## DATA FOR THE TASK
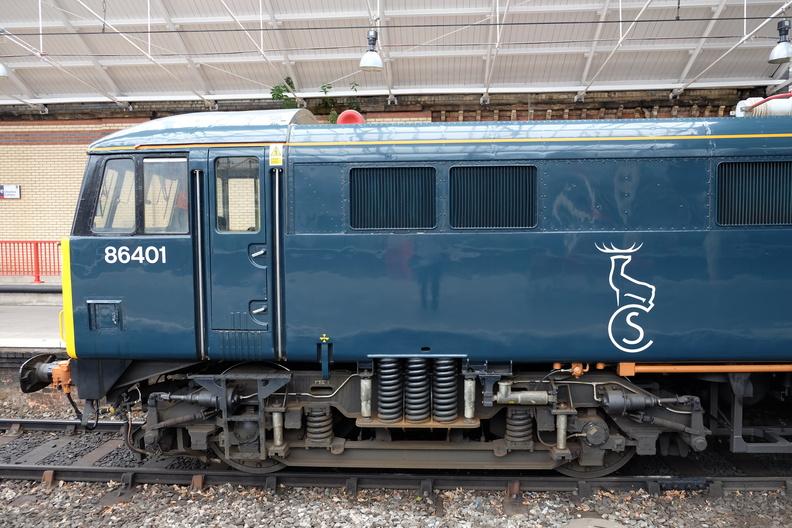 Close up view of the No.2 end of 86401 in platform 8 at Crewe.
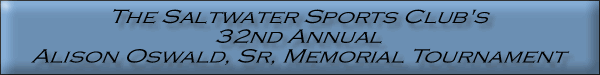 and Captain's Meeting James Island Yacht Club 734 Wampler Drive James Island, SC Wednesday - August 20, 2008 Registration - 6:30 - 8:00 pm Captain's Meeting - 8:00 pm Registration Fee Adults - $35.00 Youth - $15.00 (Youth is under 16 years old) Includes: T-shirt, Beer, Door Prizes, and Snacks Tournament Date Saturday - August 23, 2008 Fishing begins at 12:01 am Weigh-in 4:00 to 5:30 pm at the James Island Yacht Club Awards Ceremony following the weigh-in Contact Information Jim Swittenberg - (843) 762-6049 Dee Oliver - (843) 573-3474 Early Entries May Be Mailed To: The Saltwater Sports Club P.O. Box 12852 Charleston, SC 29422 |
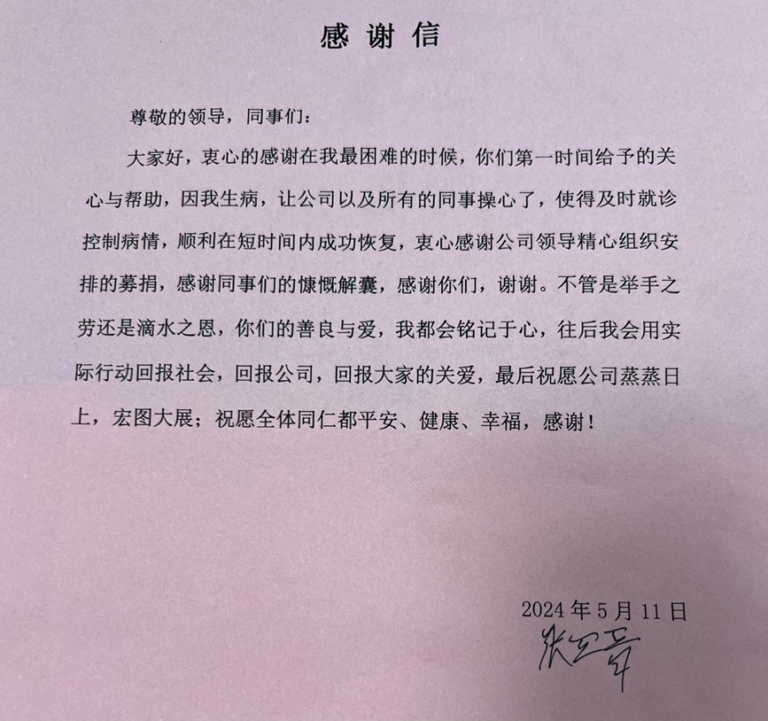 張四晉在收到愛心捐款后,寫下一封感謝信。寫道:“謝謝各位領(lǐng)導(dǎo)和同事在我最困難的送來關(guān)心,向大家表示衷心的感謝,滴水之恩當(dāng)銘記于心?!?/p>
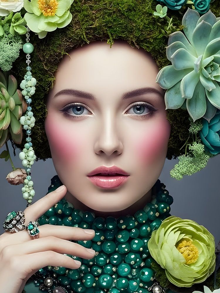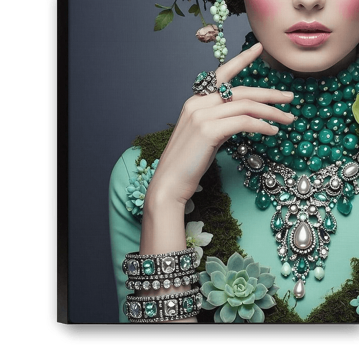 Elle porte un collier exquis, composé de plusieurs couches de perles vertes et d'éléments argentés scintillants, agrémenté de perles et de motifs complexes, qui s'harmonise avec sa tenue vert menthe. Sa main, ornée de bracelets et de bagues étincelants ornés de pierres précieuses vertes, touche gracieusement son menton. Son visage est artistiquement maquillé avec des joues et des lèvres rose tendre, et ses yeux regardent directement, créant un effet enchanteur et hypnotique. Les riches textures des éléments naturels contrastent magnifiquement avec ses traits raffinés, le tout sur un fond sombre et morose qui met en valeur sa présence radieuse.
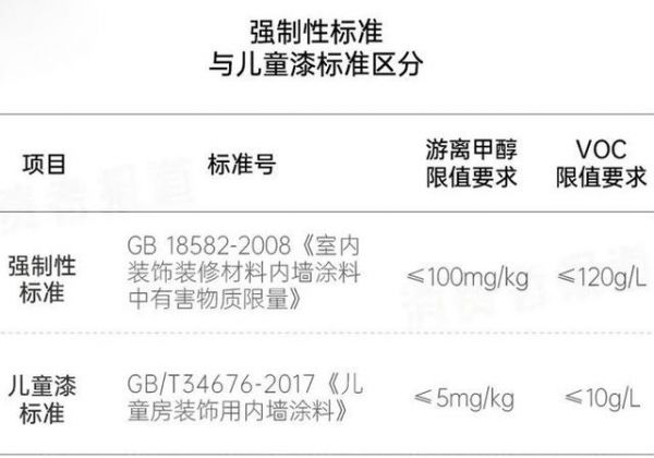 而普通的乳胶漆只需要符合强制性国家标准,游离甲醛应≤ 100mg/kg,VOC应≤120 g/L即可,单从这2项指标来看,儿童漆标准比普通乳胶标准严格10倍以上!
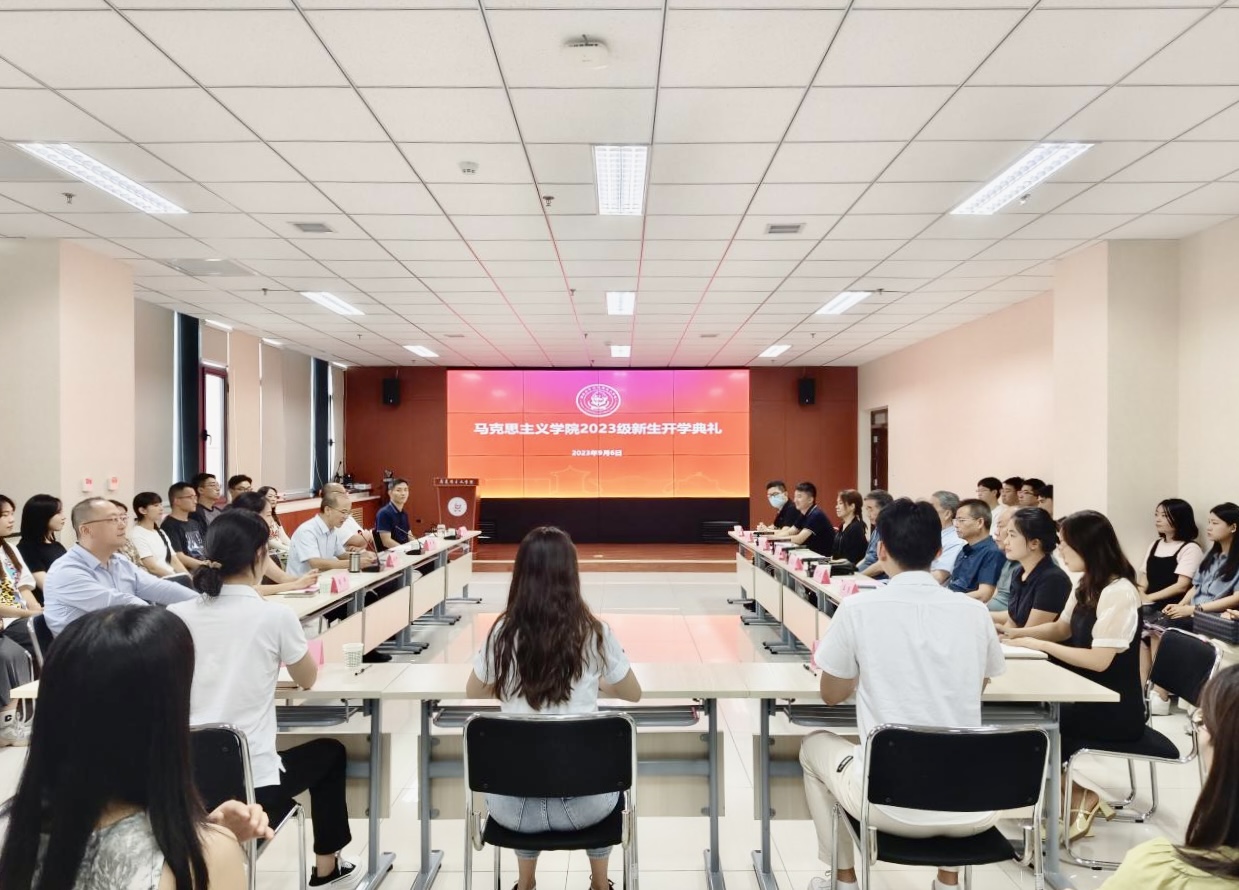 何博院长在致辞中表达了对新生的欢迎。他围绕学院发展、学科建设、师资力量、学术成果等方面介绍了学院情况。他希望同学们要学会感恩,感恩自己曾经的付出,感恩父母和老师的培养;要会学习,从经典文献著作入手,坚持读原著悟原理,注重阅读与实践调研相结合;要会生活,坚持在马言马学以致用,将所学融入和运用到自己的生活当中。
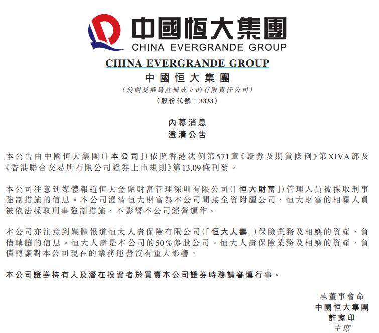 中新经纬9月18日电 中国恒大9月18日公告称,公司注意到媒体报道恒大财富管理人员被采取刑事强制措施的信息。中国恒大表示,恒大财富为本公司间接全资附属公司,恒大财富的相关人员被依法采取刑事强制措施,不影响本公司经营运作。
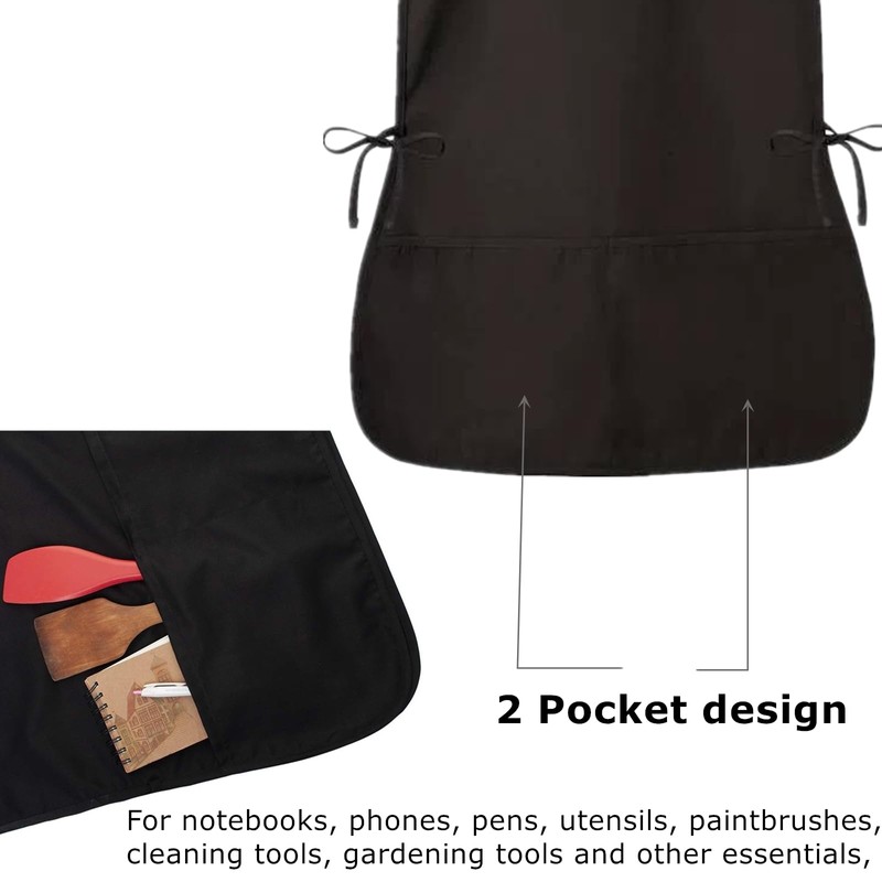 - Each black apron comes with 2 deep front pockets, providing storage space for all your needs. These two practical pockets are perfect for carrying items with you during cooking, cleaning, housekeeping, art classes, or beauty treatments, improving your efficiency
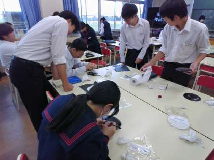 皿にそれぞれがデザインした模様を描いています。
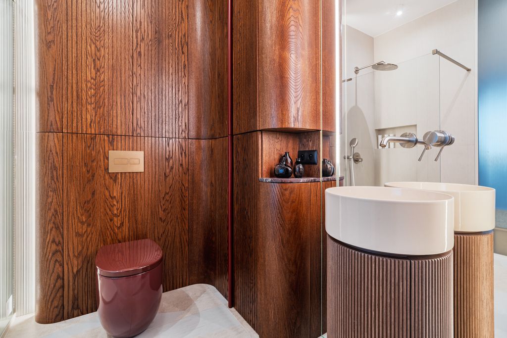 - Łazienka (ok. 4,5 m²): eleganckie płytki, prysznic walk-in, wysokiej jakości armatura.

## PROBLEM DETAILS
Your answer should consist of the lines above between those holding "中新经纬9月18日电 中国恒" and "皿にそれぞれがデザインした模様を描いています。", inclusive, reproduced word for word and without pictures.

## TASK ANSWER
 中新经纬9月18日电 中国恒大9月18日公告称,公司注意到媒体报道恒大财富管理人员被采取刑事强制措施的信息。中国恒大表示,恒大财富为本公司间接全资附属公司,恒大财富的相关人员被依法采取刑事强制措施,不影响本公司经营运作。
 - Each black apron comes with 2 deep front pockets, providing storage space for all your needs. These two practical pockets are perfect for carrying items with you during cooking, cleaning, housekeeping, art classes, or beauty treatments, improving your efficiency
 皿にそれぞれがデザインした模様を描いています。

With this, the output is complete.